Using machine learning to predict the 2019 MVP: mid-season predictions

Summary

Introduction

With James Harden's recent stretch, the Nuggets' success despite their injuries, and the Bucks maintaining the second seed in the NBA, Harden, Jokic, and Giannis all have strong cases for MVP this year. Though Harden hasn't had the same team success as Jokic and Giannis, he's been averaging an absurd 34.2 PPG - almost 5 PPG more than second place Steph Curry. On the other hand, Jokic has been leading an injury-riddled Nuggets team to the first seed in the West. Along the way, he's had numerous incredible all-around performances, such as Monday's 40/10/8 game against the Trail Blazers. Jokic averages the 9th most assists per game in the league, an unprecedented figure for a center. Meanwhile, Giannis has been posting a hyper-efficient 27/12/6 while leading the Bucks to the NBA's second best record. In addition to these players, Curry and Kawhi have legitimate arguments for MVP, as they've played very well for the best teams in the league.

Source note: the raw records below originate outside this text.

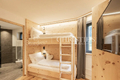 Im ersten Obergeschoss befindet sich der Schlafbereich mit drei hellen und einladenden Doppelzimmern. Das Hauptschlafzimmer ist mit einem Zimmer mit Etagenbett verbunden und verfügt über ein Bad en suite, eine besonders praktische Lösung auch für Familien. Die beiden weiteren Doppelzimmer teilen sich ein Badezimmer, das von beiden Zimmern aus bequem erreichbar ist. Zwei der Schlafzimmer verfügen zudem über großzügige private Terrassen, von denen aus sich ein herrlicher Blick auf die umliegende Berglandschaft genießen lässt.
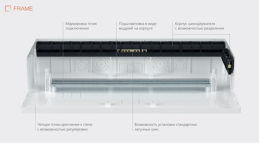 - Возможности - крепление шин PE и N по всем стенкам корпуса.
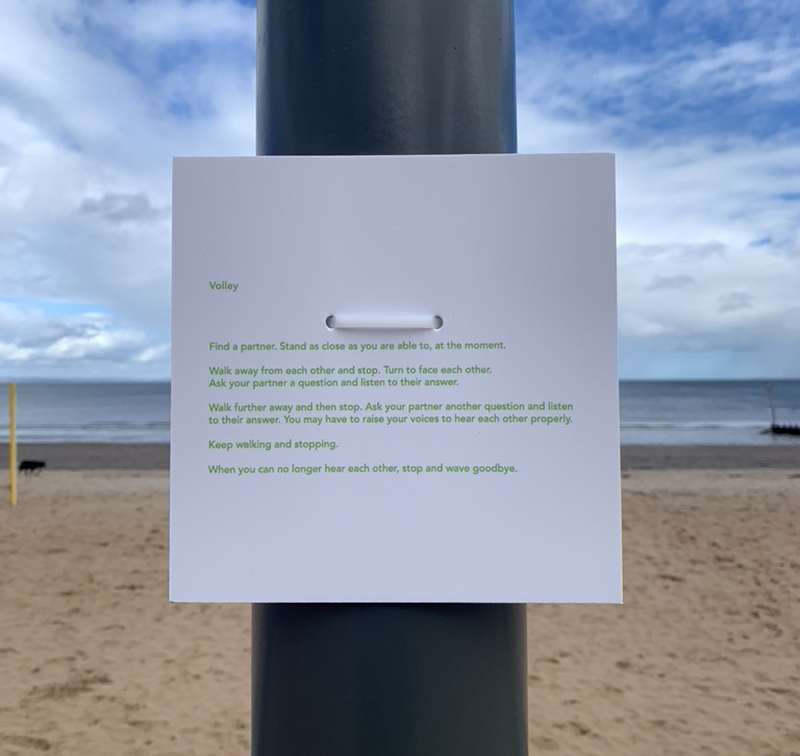 is a set of six performance pieces for anyone, anywhere, to perform. The six pieces draw upon minor gestures observed during the current period of immobility and social distance. Each starts from a score (a document which communicates the intention of the piece, but which is open to interpretation by the performer). It is up to the performer how, where and when they perform each piece and whether they make any sort of record of their performance.
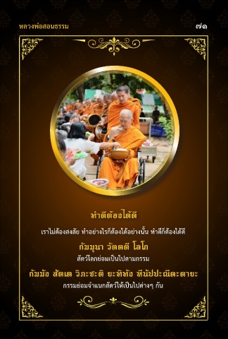 หลวงพ่อสอนธรรม 71 ท�ำดีต้องได้ดี เราไม่ต้องสงสัย ท�าอย่างไรก็ต้องได้อย่างนั้น ท�าดีก็ต้องได้ดี กัมมุนำ วัตตตี โลโก สัตว์โลกย่อมเป็นไปตามกรรม กัมมัง สัตเต วิภะชะติ ยะทิทัง หีนัปปะณีตะตำยะ กรรมย่อมจ�าแนกสัตว์ให้เป็นไปต่างๆ กัน
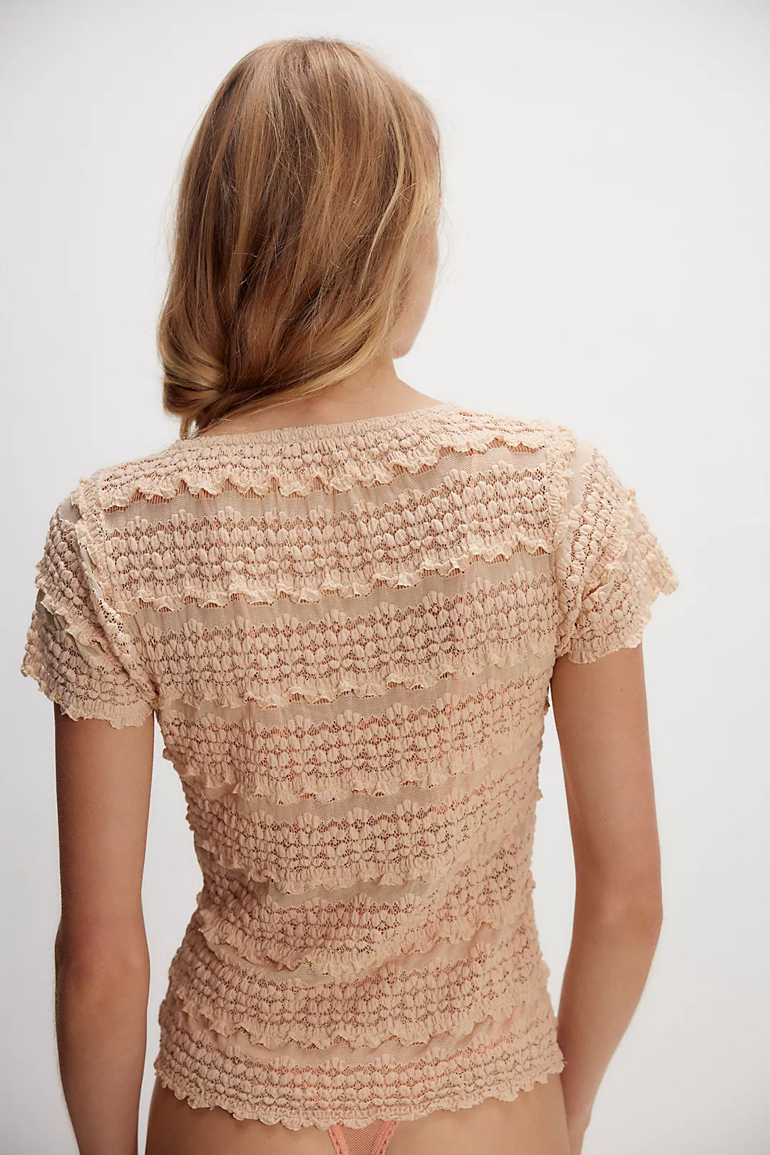 Lines of lace and tulle take this baby tee from Intimately to new heights.

For much of the beginning of the season, many saw Giannis as the MVP favorite. However, the race seems tighter now than ever.

To predict who will win MVP now that we're just past the season's midway point, I created various models that try to predict this year's MVP.

Methods

This post uses very similar methods to my post that analyzed the least and most deserving MVPs of the past decade. Like the initial MVP post, I use a database of all players who placed top-10 in MVP voting since the 1979-1980 season (when the 3-point line was introduced). I measured the following stats for these players:

* Share of MVP votes = % of maximum votes received (so Curry's unanimous MVP is a vote share of 1).

For both this season and lockout seasons, I scaled up win shares, VORP, and wins to an 82 game season.

My initial MVP post used many of the above stats to predict vote share. The new models used in this post use fewer parameters, as several of the parameters in the previous post introduced collinearity. For example, having VORP, BPM, and MPG together is bad, as VORP adjusts BPM to MPG. For these models, I used only the following stats as parameters:

Using these parameters to predict vote share, I created 4 models:

Support vector regression (SVM)
Random forest regression (RF)
k-nearest neighbors regression (KNN)
Deep neural network (DNN)

Unlike the previous MVP post, the models were trained and tested using all data from the 1979-1980 season up until the 2017-2018 season. They then predict the MVP from this year's data. I predicted the MVP vote share for the top-10 players on NBA.com's January 11th MVP ladder.

Where the models fall short

Like we discussed in the previous MVP post, the MVP isn't determined only by who has the best stats. Because the models only know stats, they can't account for other factors that a media member considers when voting for MVP. These include:

Narrative
Expectations; the models don't know that the Nuggets weren't expected to be this good
Popularity; the models don't know that Giannis and Harden are much more popular players than Jokic
How someone scores their points; the models don't know that Harden shoots a lot of free throws
Triple doubles and other arbitrary thresholds

Given that the models can't account for these factors, one way we can think about these predictions is that I'm evaluating who has the most MVP-like stats out of the players.

Understanding the data

The models predict the vote share for each of the players who were top-10 in MVP votes. It's important to note that most players will have a very low vote share, as there's usually only a few legitimate MVP contenders; the rest usually get some last place votes. To understand this distribution, I plotted a histogram of the vote share (see below).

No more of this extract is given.